◆ **Work request**
Going through the material below, output exactly the lines from the one containing "Bild 3 zeigt" through the one containing "これが海なんだ 07.05.10東京湾が臨める公園。バルトは海を眺めるのが初めて。波頭に感動混じり。 |", and no pictures.

◆ **Dataset records**
________________

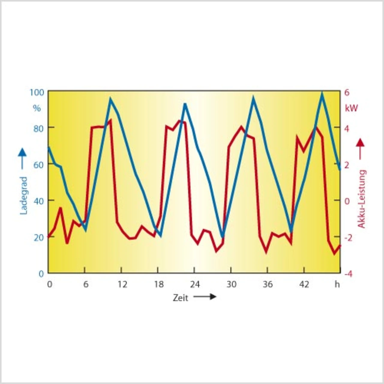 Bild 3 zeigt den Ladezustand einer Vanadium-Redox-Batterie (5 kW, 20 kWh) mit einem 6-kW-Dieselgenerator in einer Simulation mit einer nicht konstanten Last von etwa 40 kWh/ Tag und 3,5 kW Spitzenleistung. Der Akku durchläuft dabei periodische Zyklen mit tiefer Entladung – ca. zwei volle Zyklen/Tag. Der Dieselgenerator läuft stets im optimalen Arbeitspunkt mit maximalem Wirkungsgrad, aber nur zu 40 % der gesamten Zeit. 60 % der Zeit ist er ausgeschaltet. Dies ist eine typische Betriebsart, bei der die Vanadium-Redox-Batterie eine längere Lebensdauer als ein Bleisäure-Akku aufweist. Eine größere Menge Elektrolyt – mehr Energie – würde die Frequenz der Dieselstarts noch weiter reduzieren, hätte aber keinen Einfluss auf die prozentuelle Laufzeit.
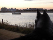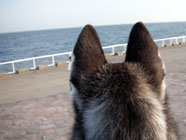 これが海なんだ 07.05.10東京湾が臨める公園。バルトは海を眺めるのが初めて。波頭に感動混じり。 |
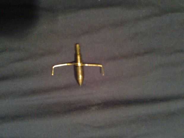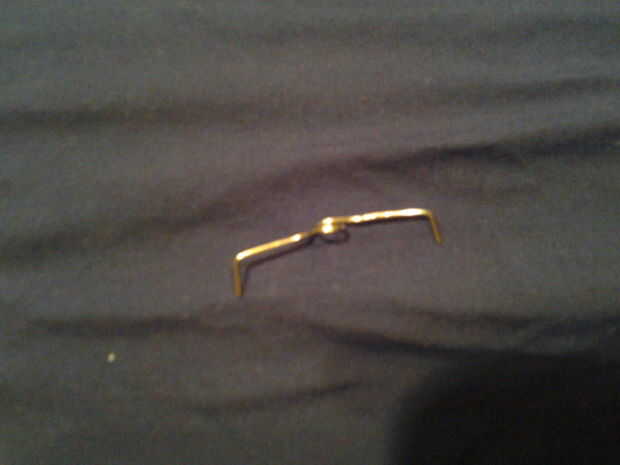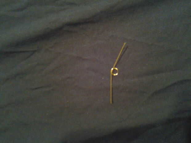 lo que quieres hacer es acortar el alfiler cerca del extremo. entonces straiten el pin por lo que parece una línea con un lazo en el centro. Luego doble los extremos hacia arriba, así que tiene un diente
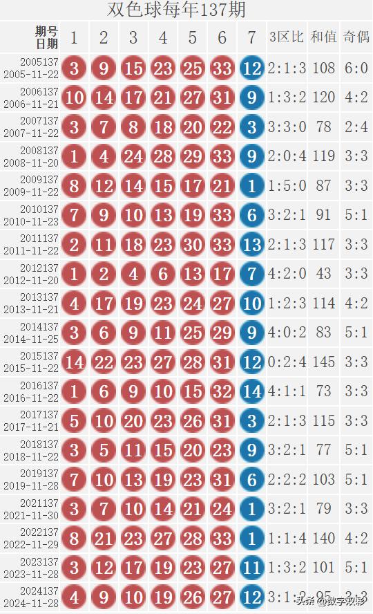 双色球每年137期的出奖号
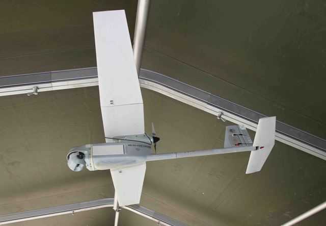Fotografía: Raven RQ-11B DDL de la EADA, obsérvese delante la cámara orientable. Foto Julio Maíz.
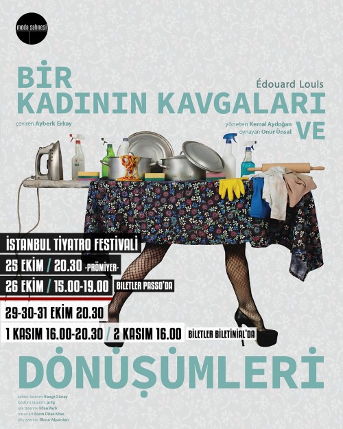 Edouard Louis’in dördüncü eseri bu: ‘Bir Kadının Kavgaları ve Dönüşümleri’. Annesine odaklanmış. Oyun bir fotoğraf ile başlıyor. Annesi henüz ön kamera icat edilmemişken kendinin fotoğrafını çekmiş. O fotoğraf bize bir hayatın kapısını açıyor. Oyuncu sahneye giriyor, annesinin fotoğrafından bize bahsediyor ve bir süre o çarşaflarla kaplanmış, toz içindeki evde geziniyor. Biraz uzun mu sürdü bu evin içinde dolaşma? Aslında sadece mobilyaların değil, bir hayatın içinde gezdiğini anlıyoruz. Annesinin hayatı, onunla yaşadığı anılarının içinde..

________________

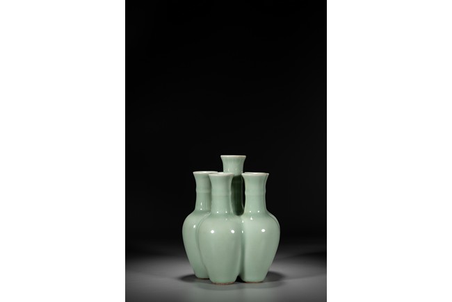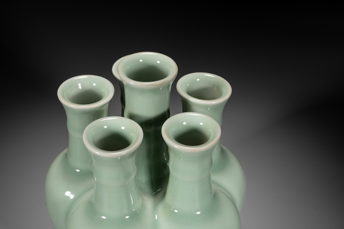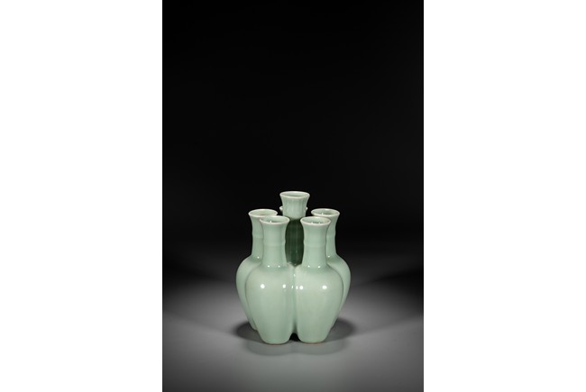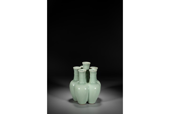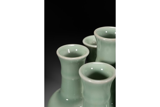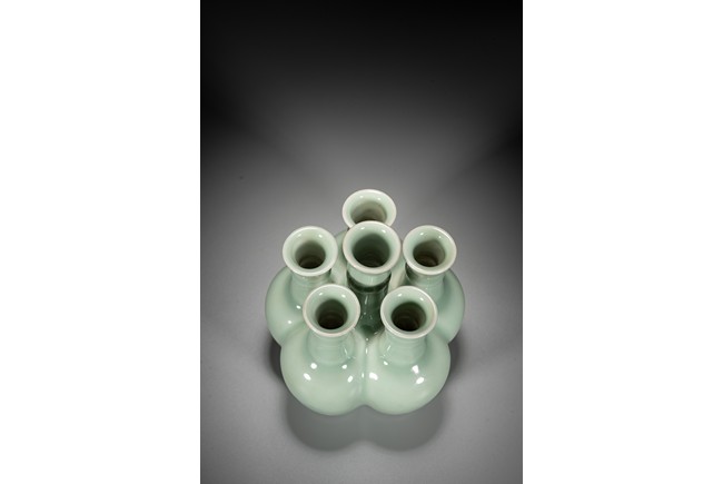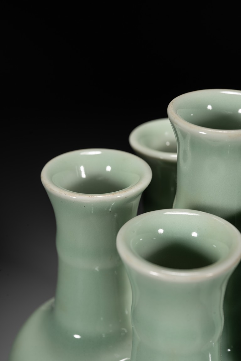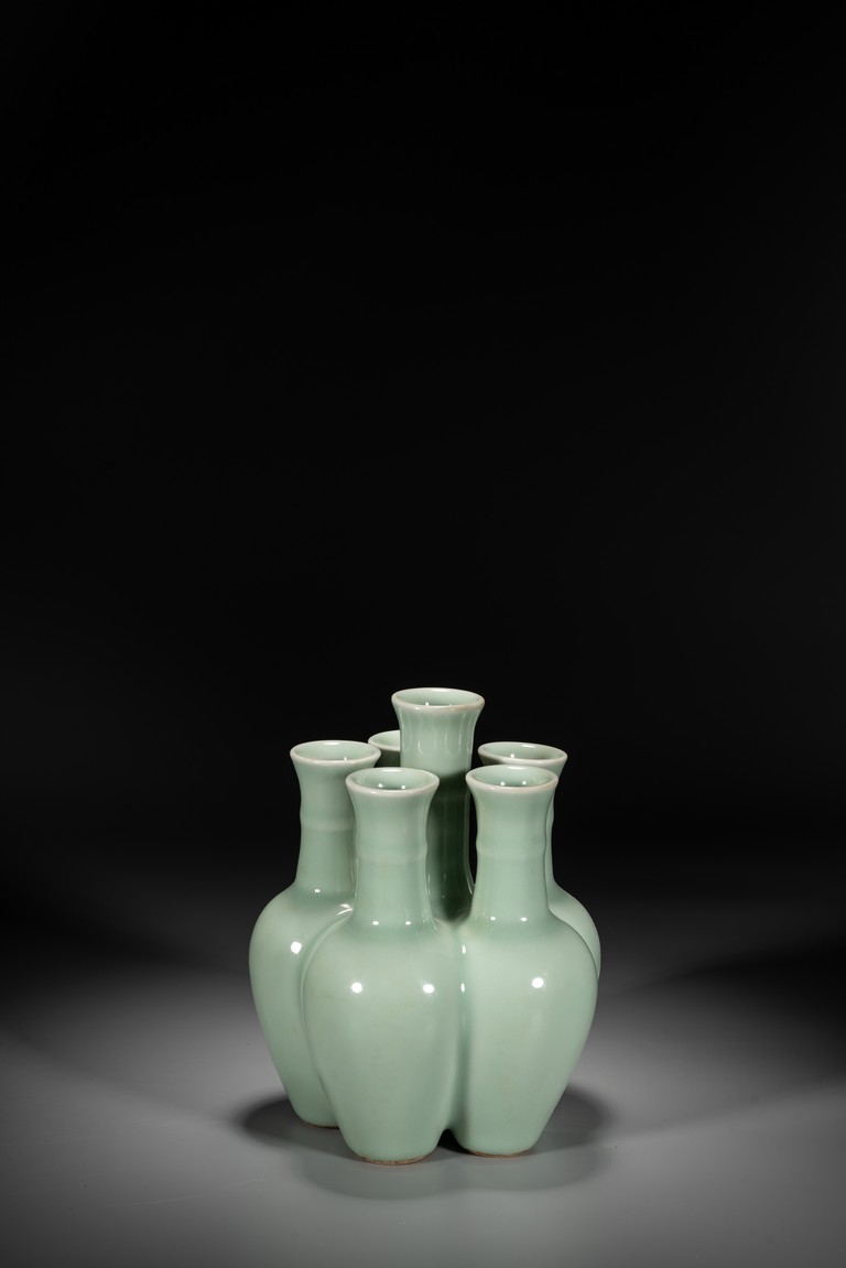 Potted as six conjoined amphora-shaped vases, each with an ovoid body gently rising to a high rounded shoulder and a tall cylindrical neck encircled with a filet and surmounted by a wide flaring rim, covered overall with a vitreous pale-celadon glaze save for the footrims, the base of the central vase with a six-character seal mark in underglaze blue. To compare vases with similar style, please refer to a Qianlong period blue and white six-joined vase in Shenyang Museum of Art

________________

◆ **Response to the task**
 Bild 3 zeigt den Ladezustand einer Vanadium-Redox-Batterie (5 kW, 20 kWh) mit einem 6-kW-Dieselgenerator in einer Simulation mit einer nicht konstanten Last von etwa 40 kWh/ Tag und 3,5 kW Spitzenleistung. Der Akku durchläuft dabei periodische Zyklen mit tiefer Entladung – ca. zwei volle Zyklen/Tag. Der Dieselgenerator läuft stets im optimalen Arbeitspunkt mit maximalem Wirkungsgrad, aber nur zu 40 % der gesamten Zeit. 60 % der Zeit ist er ausgeschaltet. Dies ist eine typische Betriebsart, bei der die Vanadium-Redox-Batterie eine längere Lebensdauer als ein Bleisäure-Akku aufweist. Eine größere Menge Elektrolyt – mehr Energie – würde die Frequenz der Dieselstarts noch weiter reduzieren, hätte aber keinen Einfluss auf die prozentuelle Laufzeit.
 これが海なんだ 07.05.10東京湾が臨める公園。バルトは海を眺めるのが初めて。波頭に感動混じり。 |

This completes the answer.